Entre os quatro não havia diferença nos dotes, curiosidade científica ou engenho. A diferença estava na sociedade. Já então, a pragmática sociedade americana glorificava as realizações práticas. Naquele início de século, a cada ano 30.000 patentes eram registradas. O sucesso lá não se mede pelas honrarias, mas pelas vendas da fábrica. Apesar de filhos de bispo, fabricavam bicicletas com as próprias mãos, passando depois para os aviões.

Santos Dumont desenhou balões dirigíveis e aviões, construídos por seus operários. Sentiu-se realizado pelas glórias e pelos prêmios. Mas não quis patentear nada e com galhardia distribuiu um prêmio entre os pobres. Refletia seu Brasil e a França de então, onde os aristocratas inventam, mas não fabricam.

Batistinha, lá nas lonjuras de Itabira do Mato Dentro, inventava remédios, teoremas e linguagens cifradas. Quando se acabaram as mercadorias, fechou a loja herdada do pai.
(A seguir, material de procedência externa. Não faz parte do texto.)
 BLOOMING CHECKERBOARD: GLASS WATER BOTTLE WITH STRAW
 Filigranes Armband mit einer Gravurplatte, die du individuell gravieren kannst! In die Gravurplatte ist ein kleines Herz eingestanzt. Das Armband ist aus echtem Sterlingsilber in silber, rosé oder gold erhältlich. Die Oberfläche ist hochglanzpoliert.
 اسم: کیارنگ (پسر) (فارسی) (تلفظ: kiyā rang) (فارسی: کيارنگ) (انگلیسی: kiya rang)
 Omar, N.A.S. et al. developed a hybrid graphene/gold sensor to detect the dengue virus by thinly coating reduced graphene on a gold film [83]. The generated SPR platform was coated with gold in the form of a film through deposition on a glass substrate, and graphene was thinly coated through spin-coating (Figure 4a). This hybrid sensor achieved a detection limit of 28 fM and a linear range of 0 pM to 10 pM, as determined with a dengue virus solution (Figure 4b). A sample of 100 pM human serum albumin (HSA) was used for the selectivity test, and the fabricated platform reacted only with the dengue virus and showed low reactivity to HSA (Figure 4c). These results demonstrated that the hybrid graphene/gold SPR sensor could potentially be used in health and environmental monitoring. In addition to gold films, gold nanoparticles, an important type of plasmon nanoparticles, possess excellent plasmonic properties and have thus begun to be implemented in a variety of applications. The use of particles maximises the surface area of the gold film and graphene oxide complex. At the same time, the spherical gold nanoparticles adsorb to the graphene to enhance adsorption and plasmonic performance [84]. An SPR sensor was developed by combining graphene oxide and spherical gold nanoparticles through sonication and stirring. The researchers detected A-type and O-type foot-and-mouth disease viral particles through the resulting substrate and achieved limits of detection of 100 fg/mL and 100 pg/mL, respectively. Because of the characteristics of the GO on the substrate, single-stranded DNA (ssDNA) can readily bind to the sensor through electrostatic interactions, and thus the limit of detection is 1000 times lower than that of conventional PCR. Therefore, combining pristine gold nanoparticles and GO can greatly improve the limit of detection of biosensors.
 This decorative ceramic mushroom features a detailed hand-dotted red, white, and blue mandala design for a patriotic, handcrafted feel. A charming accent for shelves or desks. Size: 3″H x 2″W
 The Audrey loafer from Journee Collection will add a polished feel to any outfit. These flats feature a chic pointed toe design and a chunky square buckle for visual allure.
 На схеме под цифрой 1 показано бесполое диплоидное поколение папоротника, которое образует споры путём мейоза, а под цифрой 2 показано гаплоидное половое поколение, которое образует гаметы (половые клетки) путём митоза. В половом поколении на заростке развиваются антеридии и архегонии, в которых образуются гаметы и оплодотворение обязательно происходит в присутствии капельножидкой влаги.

Usou sua maior criatividade e energia para fazer o que a sociedade local apreciava: o beletrismo. A idéia de construir uma fábrica de vermífugo não alçou vôo. Foi um produto de seu meio, parecido com muitos outros Batistinhas, cujos engenhos e talentos se desperdiçaram.

Essas quatro figuras são ícones das diferenças que nos separam dos Estados Unidos. Escrevemos trabalhos científicos, mas temos dificuldade para fazer tecnologia, coisas práticas (hoje registramos de 3.000 a 5.000 patentes por ano e vinte vezes mais publicações científicas, enquanto nos Estados Unidos há mais patentes que publicações). Não nos falta imaginação, mas vivemos em uma sociedade em que isso não é aplaudido (um padre gaúcho, que andou na frente de Marconi nos experimentos com rádio, foi expulso de sua paróquia por bruxaria). Há avanços e esperanças, mas tudo depende de aprendermos a não desaproveitar nossos Batistinhas.